Turbulence role in the fate of virus-containing droplets in violent expiratory events

Violent expiratory events, such as coughing and sneezing, are highly nontrivial examples of a two-phase mixture of liquid droplets dispersed into an unsteady turbulent airflow. Understanding the physical mechanisms determining the dispersion and evaporation process of respiratory droplets has recently become a priority given the global emergency caused by the SARS-CoV-2 infection. By means of high-resolution direct numerical simulations (DNSs) of the expiratory airflow and a comprehensive Lagrangian model for the droplet dynamics, we identify the key role of turbulence in the fate of exhaled droplets.

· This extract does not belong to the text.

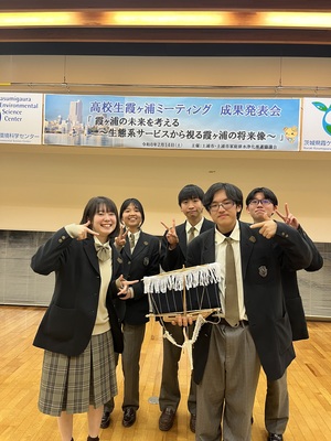 2月14日(土)に実施された霞ヶ浦ミーティング成果発表会に本校科学部が参加しまた。本校科学部は化学班,物理班,生物班の各班に別れて霞ヶ浦に関する探究活動を実践してきました。最終的な研究成果を「力学で見る霞ヶ浦帆引き船のユニークさと霞ヶ浦水質浄化について」と題して口頭発表しました。

Due to the considerable spread in the initial droplet size, we show that the droplet evaporation time is controlled by the combined effect of turbulence and droplet inertia. This mechanism is clearly highlighted when comparing the DNS results with those obtained using coarse-grained descriptions that are employed in the majority of the current state-of-the-art investigations, resulting in errors up to 100% when the turbulent fluctuations are filtered or completely averaged out.

Automated summary

The study reveals the crucial role of turbulence in the fate of exhaled droplets, showing that the evaporation time of droplets is controlled by the combined effect of turbulence and droplet inertia due to the considerable spread in initial droplet size. Comparing the high-resolution direct numerical simulations (DNS) with coarse-grained descriptions used in current investigations, errors up to 100% are observed when turbulent fluctuations are filtered or completely averaged out.